Copy every line in the listing that contains "Lachenal".

» **Records shown**
┌──

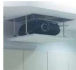
◀天井に取付けたプロジェクター(昇降時)使わない時は天井内に収納されます。
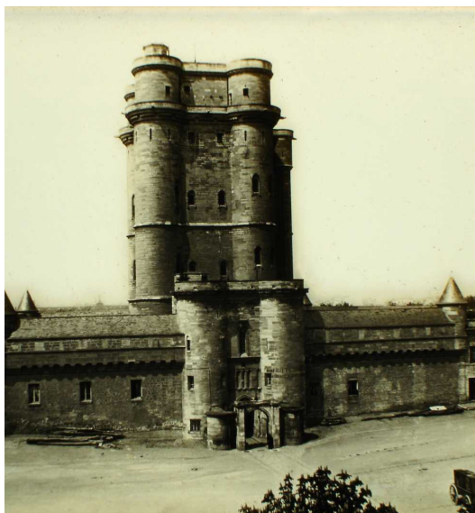
« L.F 913. Donjon du château de Vincennes, Paris. » Lachenal & Favre. Paris - Vincennes, the donjon

Figure dans le catalogue de Lachenal & Favre de 1872 et 1874, mais pas dans celui de 1871.
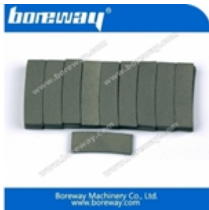
Segmento de corte de borda para granito
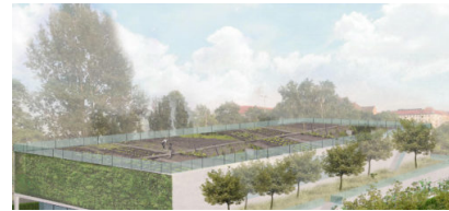
Kleingärtner fordern „grüne Turnhalle“ als Ausgleich
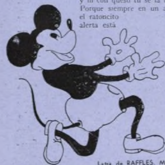
Letra de RAFFLES. Música de GRACIA.

Yo soy el Mickey de tanta fama, el ratoncito de la pantalla, muevo los ojos, muevo los brazos, las orejitas y el espinazo. Van las ratitas en Hollywood por mis hechuras haciendo el bu. Pero yo tan solo doy saltitos por los ricitos de Bety Boop
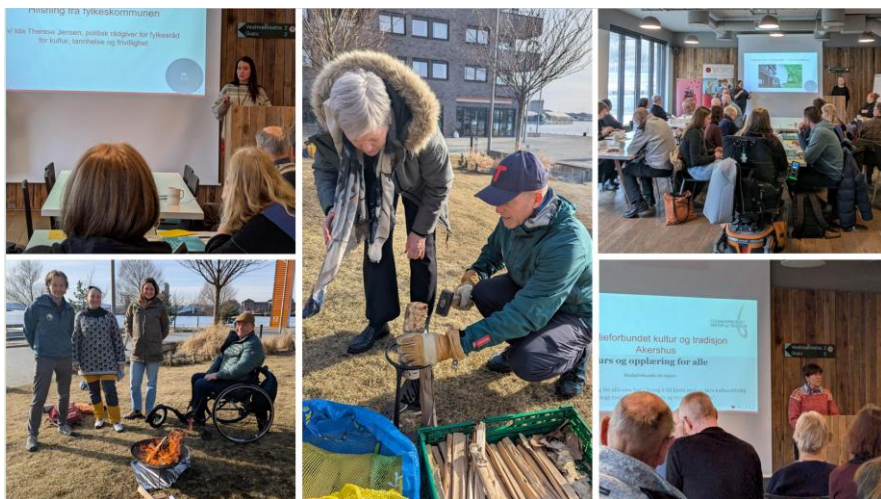
Bildene er tatt fra årsmøtet
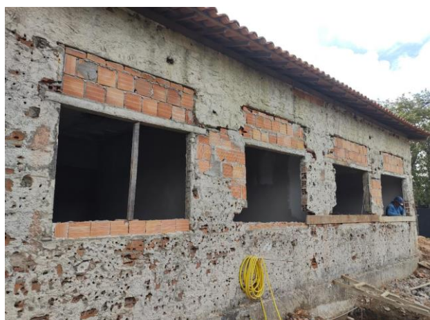
Contraverga Pré-Moldada Para Vãos De Mais De 1,5 M De Comprimento. Af_03/2016
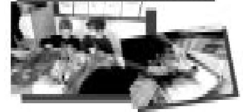
Depois de uma visita à Peixaria, o 1º ano B, com o peixe trazido para ser estudado, fez uma experiência culinária (aqui, as crianças saboreando junto com algumas mães presentes).
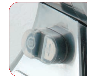
Interruptor marcha-paro con relé.
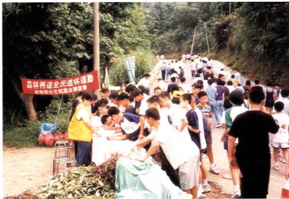
「森林再造全民造林運動」由台北縣團友聯誼會主辦

自然環境，結合省立博物館、中華昆蟲學會等單位共同推動「再造蝴蝶王國」全民保育運動，激起國人熱烈迴響。續於本年響應政府「全民造林運動行動年」號召，聯合台灣省林務局共同推出「森林再造」全民造林運動，建立國人愛林、護林、育林之共識，並付諸實際行動，對森林再造、環
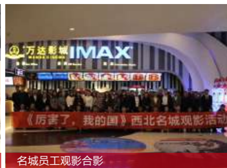
名城员工观影合影

观影过程中，有的员工甚至留下了激动而自豪的泪水。特别当看到俞主席出现在影片镜头时，更是纷纷拿下手机拍下这一值得记录的时刻，名城人的自豪感油然而生。
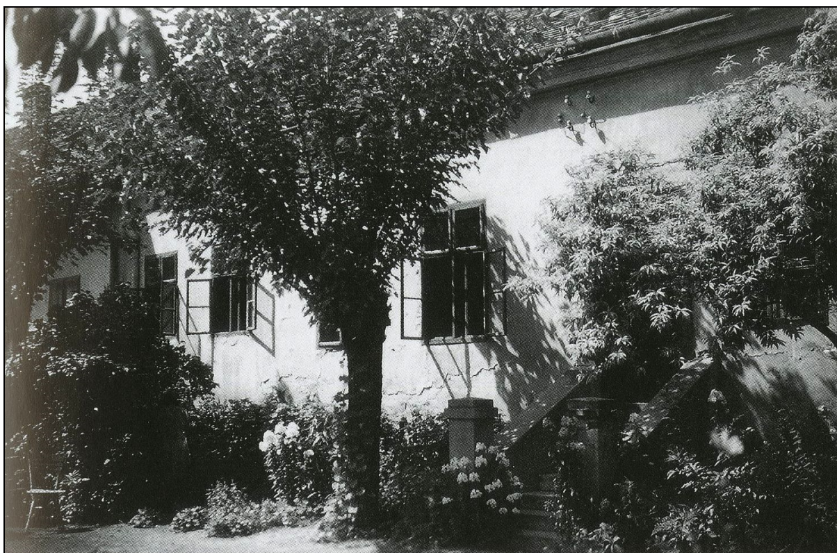
7. kép A Füvészkert utcai lakás 22

Ekkor már a Füvészkert utca 18. számú – akkor Baltazár Dezső utca –, épület udvaros házrészében laktak, amely előzőleg a Református Kollégium diákkórháza volt. „A Füvészkert utcai házban apám paradicsomkertet csinált, áradt az illat az ágyásainkból. Volt egy öreg körtefánk, volt egy eperfánk, rengeteg-rengeteg eperrel, barackfánk is volt, sok gyümölcs. Apám ültetett két csemeteplatánt, az egyiket Agancsos fájának, a másikat nekem. Megöntözte és megáldotta őket, az ároni áldással.” 21
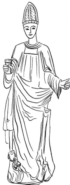
Bild 3. Statue des hl. Remigius (16. Jh.) in der Pfarrkirche von Weiler bei Rottenburg. Aus Braun J., a.a.O. S. 626, Abb. 338.

beigebracht worden sei. Remigius starb hochbetagt um 534. Durch den Einfluss der fränkischen Glaubensboten wurde die Verehrung des hl. Remigius auch in Alemannien volkstümlich. In der Diözese Reims wird der Namenstag am 13. Januar, seinem Sterbetag, gefeiert, sonst aber meistens am 1. Oktober, dem Jahrestag der Uebertragung seiner Leiche in die Krypta der Kirche des hl. Christophorus. Attribute: Bischofstracht, mit Salbfläschchen, mit Taube, welche Salbfläschchen herbeibringt, zu Füssen des Heiligen König Chlodwig 6 .
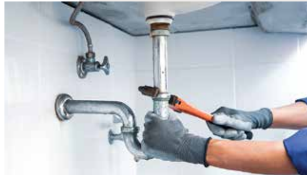
หมวดงานระบบน้ำประปา
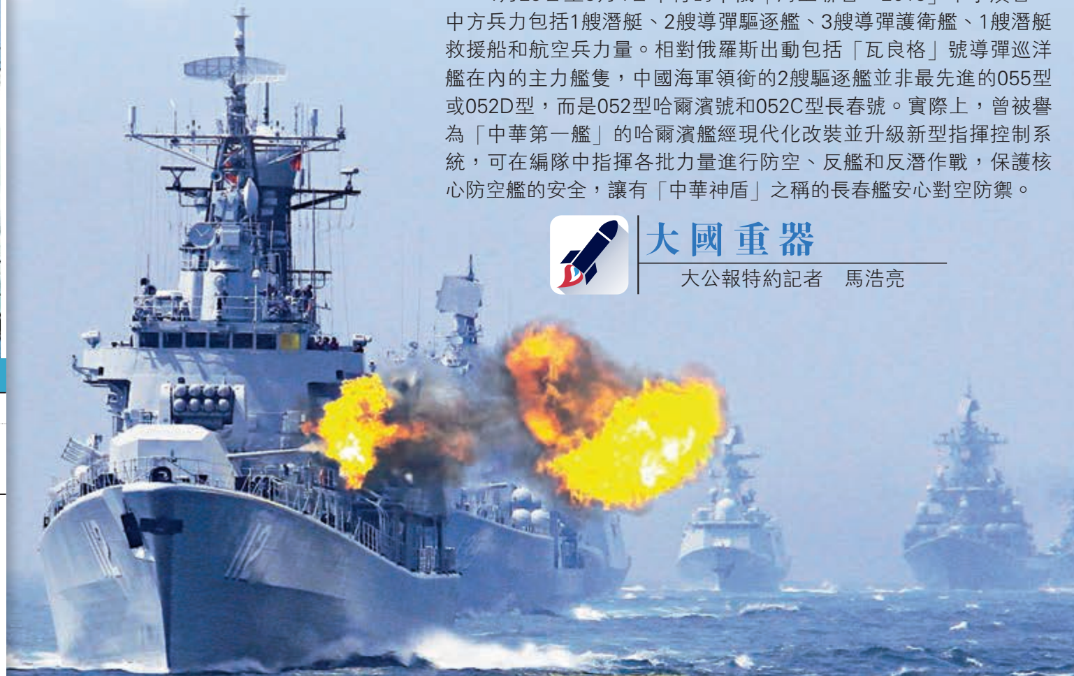
▲哈爾濱艦經現代化改裝並升級新型指揮控制系統，可在編隊中指揮各批力量進行防空、反艦和反潛作戰 資料圖片
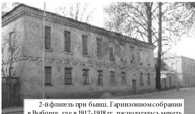
2-й флигель при бывш. Гарнизонном собрании в Выборге, где в 1917-1918 гг. располагалась мечеть

В конце декабря 1917 г. в Гельсингфорсе начал формироваться 1-й Финляндский стрелковый мусульманский полк. Основу полка составили военнослужащие-мусульмане 128-й и 129-й пехотных дивизий.
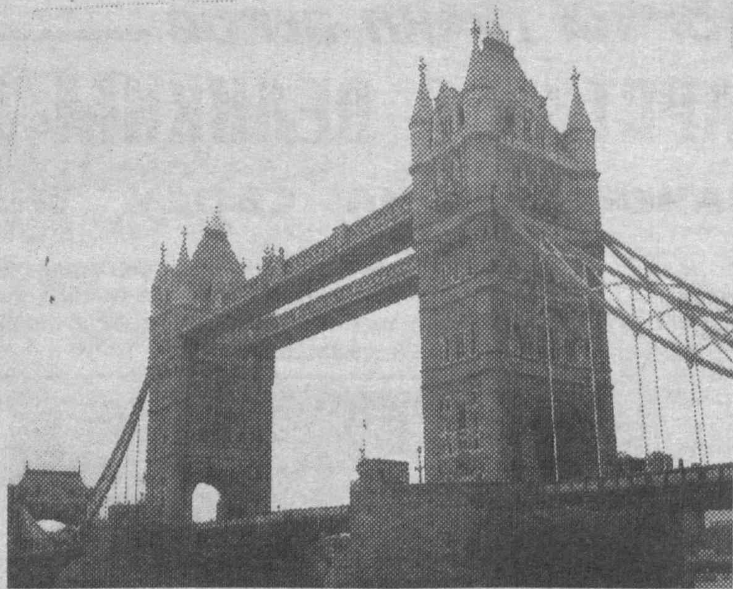
ПО СТРАНАМ МИРА. Англия. Лондон. Тауэрский мост.

На состоявшейся в Москве встрече глав правительств стран Содружества было решено провести в апреле конференцию по проблемам стратегического развития СНГ. Своё слово, несомненно, скажут и главы государств СНГ на намеченном на 19 марта в Москве саммите.
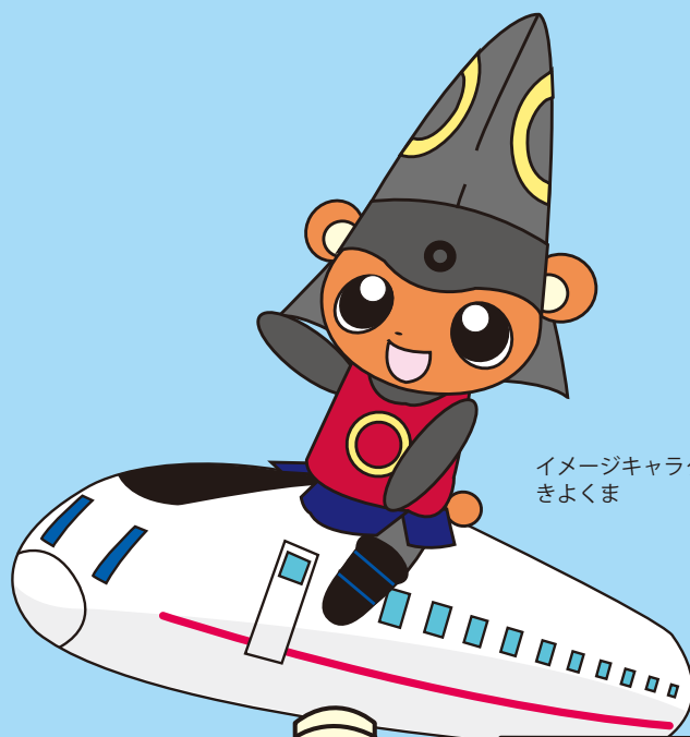
イメージキャラクター きよくま
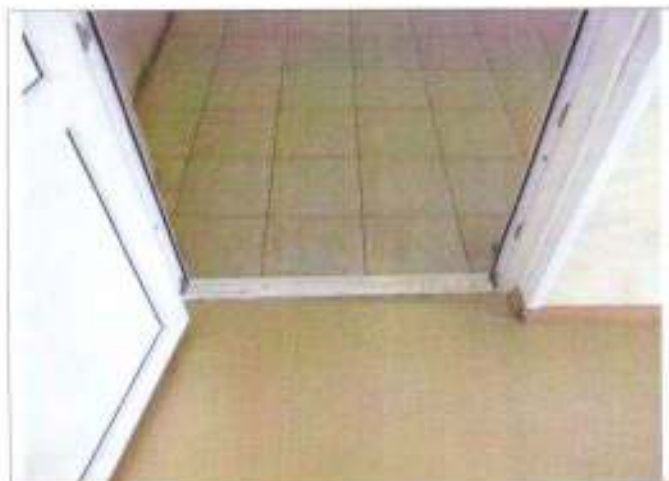
Фото №14 – Внутренние двери
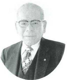
巖 溝 長 大 議

輝かしい新春を迎えるにあたり、村議会を代表いたしまして、村民の皆様にご挨拶申し上げます。昨年12月村議会において、はからずも議長の重責を負うこととなり、いままさらながら、その使命の重大さを痛感いたしました。
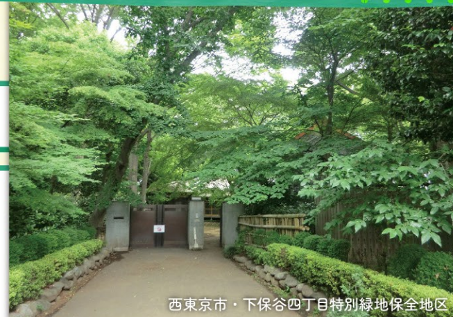
西東京市・下保谷四丁目特別緑地保全地区
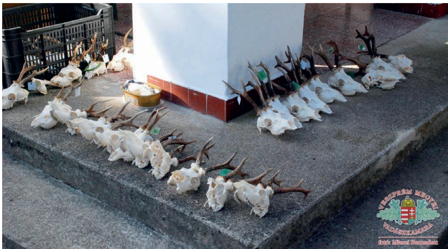
Bírálatszerelésre váró trófeák az Artemisz vadászházánál
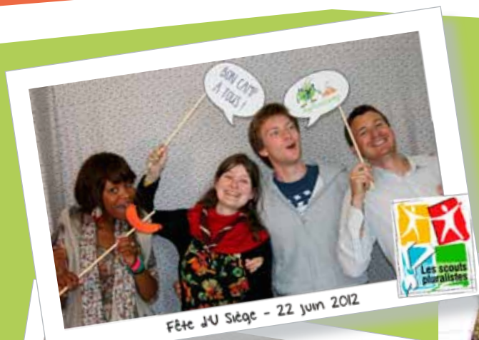
Fête d'U Siège - 22 juin 2012

└──

» **Result below**
« L.F 913. Donjon du château de Vincennes, Paris. » Lachenal & Favre. Paris - Vincennes, the donjon
Figure dans le catalogue de Lachenal & Favre de 1872 et 1874, mais pas dans celui de 1871.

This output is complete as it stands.